Materials provided:
◇ ◇ ◇ ◇
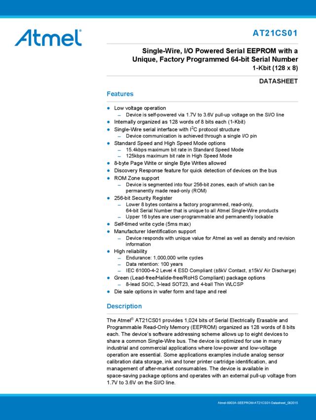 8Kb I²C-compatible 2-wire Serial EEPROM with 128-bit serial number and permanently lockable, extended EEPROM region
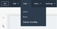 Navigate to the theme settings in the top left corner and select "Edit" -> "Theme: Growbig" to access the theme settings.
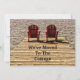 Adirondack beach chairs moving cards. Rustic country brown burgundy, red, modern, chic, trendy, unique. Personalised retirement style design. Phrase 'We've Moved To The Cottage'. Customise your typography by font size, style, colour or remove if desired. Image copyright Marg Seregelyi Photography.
◇ ◇ ◇ ◇
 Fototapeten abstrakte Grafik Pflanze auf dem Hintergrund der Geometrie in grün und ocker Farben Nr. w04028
◇ ◇ ◇ ◇
What you should do: Pictures in the material above should be skipped; print exactly the lines from the one with "8Kb I²C-compatible 2-wire" through the one with "Adirondack beach chairs".

Response area:
 8Kb I²C-compatible 2-wire Serial EEPROM with 128-bit serial number and permanently lockable, extended EEPROM region
 Navigate to the theme settings in the top left corner and select "Edit" -> "Theme: Growbig" to access the theme settings.
 Adirondack beach chairs moving cards. Rustic country brown burgundy, red, modern, chic, trendy, unique. Personalised retirement style design. Phrase 'We've Moved To The Cottage'. Customise your typography by font size, style, colour or remove if desired. Image copyright Marg Seregelyi Photography.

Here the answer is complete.